Retrospective cohort study.
Patients with primary anterior uveitis ...presenting to 1 of 4 academic ocular inflammation subspecialty practices achieving remission of the primary episode within 90 days of initial uveitis diagnosis.
Data were obtained by standardized chart review.
Time to relapse of anterior uveitis and risk factors for relapse.
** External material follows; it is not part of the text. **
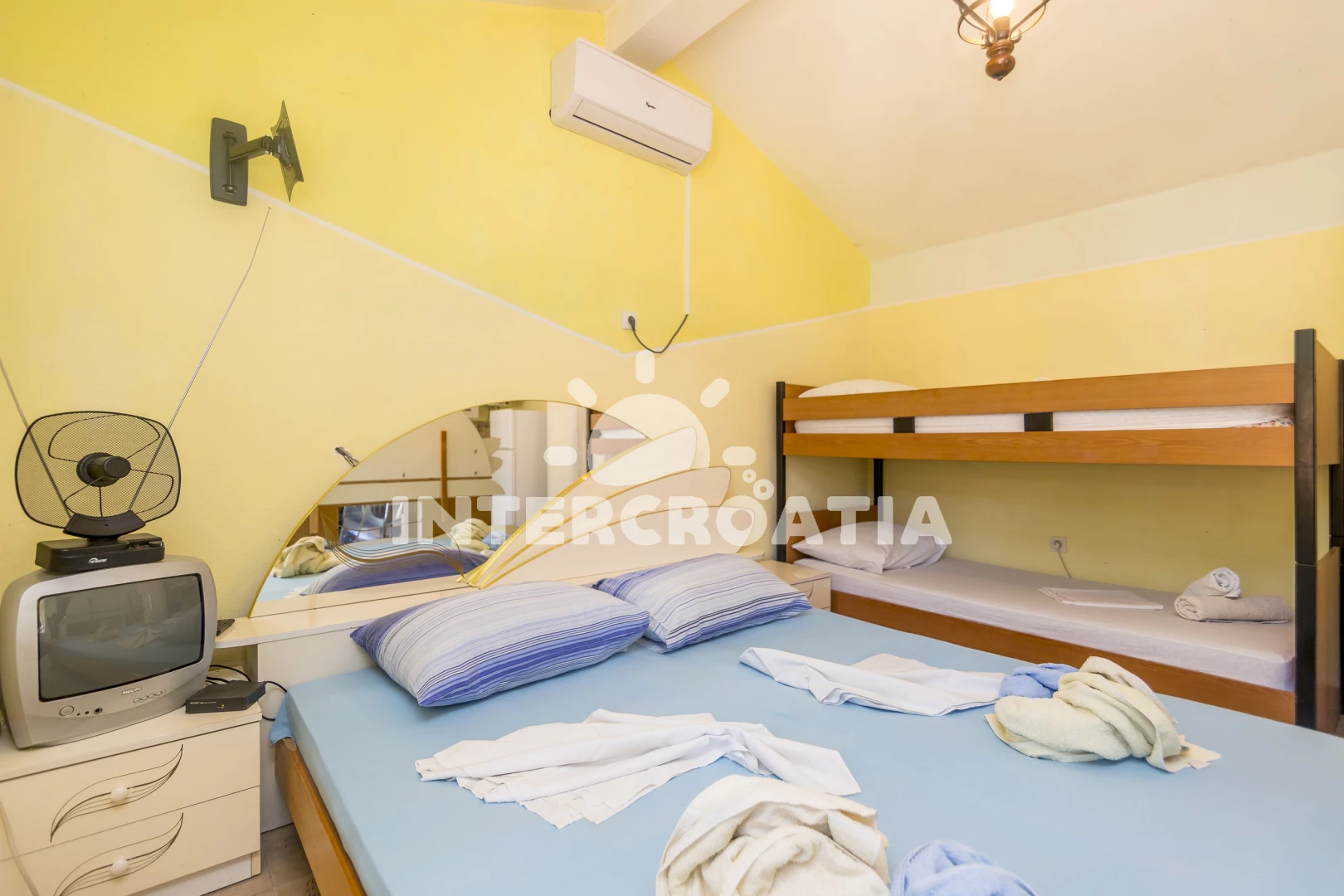 Apartmán se nachází 300 m od moře a pláže. Pláž je oblázková.
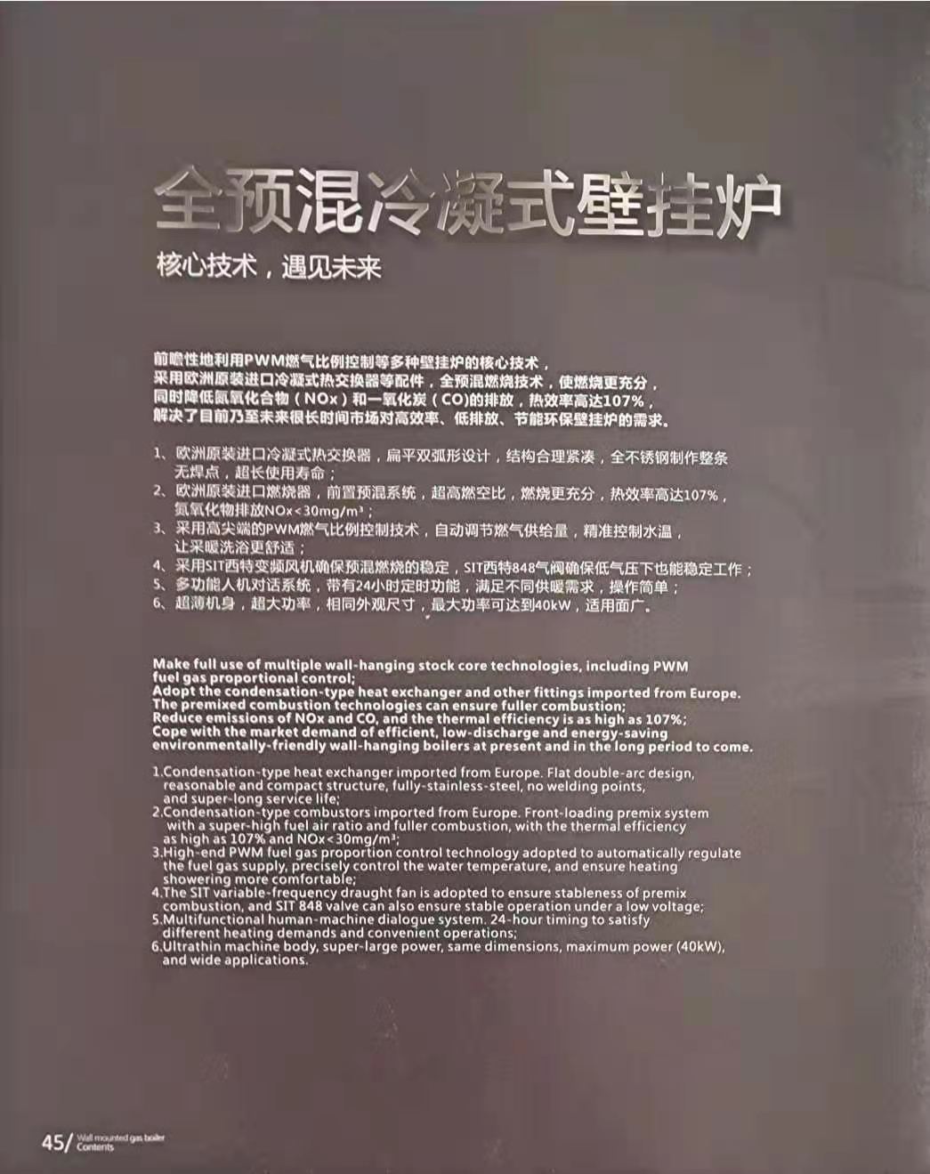 ●冷凝式热交换器,无焊接点,无泄漏点,超长使用寿命;

We included 102 patients with a first episode of anterior uveitis who were seen within 90 days of first-ever uveitis onset and followed for 165 person-years after achieving remission of the initial episode. Most patients were female (60%) and white (78%). Forty patients had a recurrence of anterior uveitis. The incidence of relapse was 24% per person-year (95% confidence interval CI, 17%-33%). At 1.5 years after remission, 61% (95% CI, 48%-71%) were still in remission. Younger adults had significantly higher relapse risk than middle-aged adults (hazard ratio 18- to 35-year-old persons vs. 35- to 55-year-old persons, 2.7; 95% CI, 1.3-6.0).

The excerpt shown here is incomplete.